The materials fill a rectangular domain with side lengths 20 and 10. The center of the rectangle defaults to the origin.

Seeds

The first material is phase 2, which contains a single elliptical seed with semi-axes 8 and 3. Next, phases 0 and 1 are created with identical size distributions and different colors. The size distributions are uniform random from 0.5 to 1.5. Seeds of phase 0 and phase 1 are generated to fill the area between the rectangular domain and the elliptical seed from phase 2.

Next, the phase 2 seed is appended to the list of phase 0 and 1 seeds. A hold list is then created to indicate to position() which seeds should have their positions (centers) held. The default position of a seed is the origin, so by setting the hold flag to True for the elliptical seed, it will be fixed to the center of the domain while the remaining seeds will be randomly positioned around it.

Polygonal and Triangular Meshing

Once the seeds are positioned in the domain, a polygonal mesh is created using from_seeds(). The triangular mesh is created using from_polymesh(), with the quality control settings min_angle, max_edge_length, and max_volume.

Plot Figure

The figure contains three plots: the seeds, the polygonal mesh, and the triangular/unstructured mesh. First, the seeds plot is generated using SeedList plot() and Rectangle plot() to show the boundary of the domain. The seeds are plotted with some transparency to show overlap.

Next, the polygonal mesh is translated to the right and plotted in such a way that avoids the internal geometry of the elliptical seed. This internal geometry is created by the multi-circle approximation used in polygonal meshing, then removed during the triangular meshing process. In the interest of clarity, these two steps are combined and the elliptical grain is plotted without internal geomtry.
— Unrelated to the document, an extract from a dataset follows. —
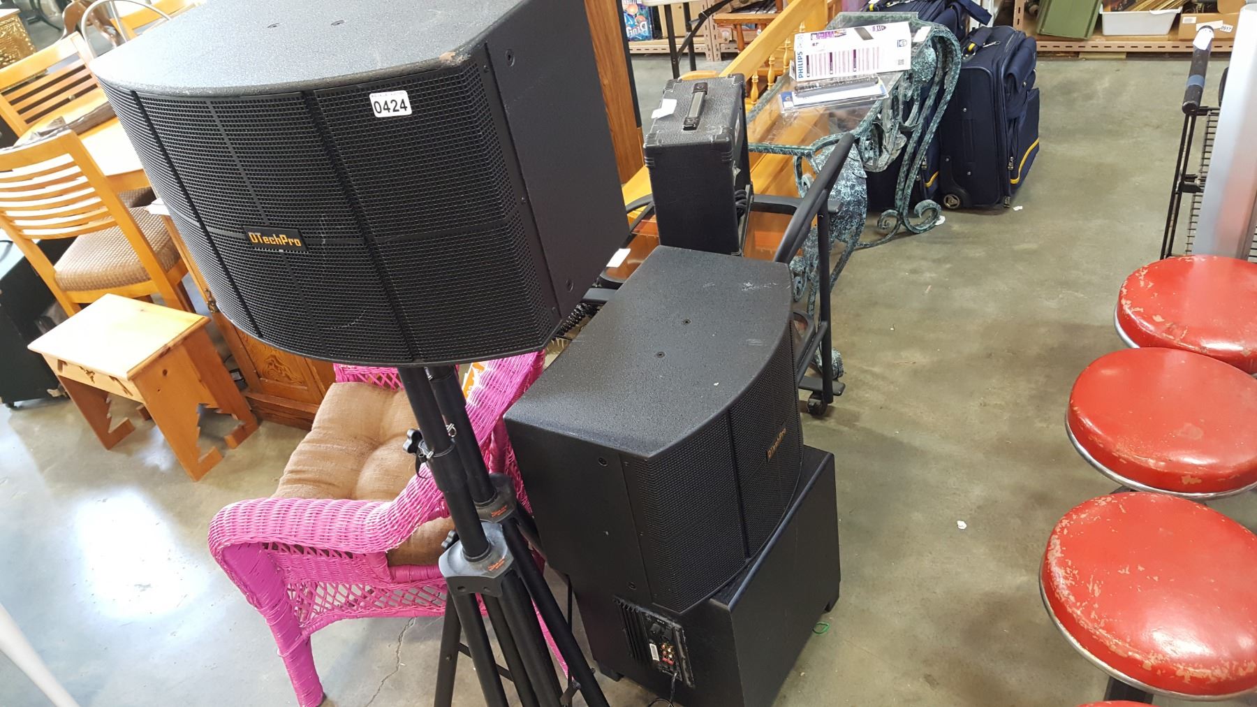DTECHPRO D T 59 W/ 2 DTECHPRO SP62 SPEAKERS W/ STAND AND DVD KARAOKE MACHINE

Finally, the triangular mesh is translated to the right of the polygonal mesh and plotted using TriMesh plot().

Once all three plots have been added to the figure, the axes and aspect ratio are adjusted. This figure is shown in Fig. 27. The PNG and PDF versions of this plot are saved in a folder named docs_banner, in the current directory (i.e ./docs_banner).

Microstructure meshing process.

Fig. 27 Microstructure meshing process.

The three major steps are: 1) seed the domain with particles, 2) create a Voronoi power diagram, and 3) convert the diagram into an unstructured mesh.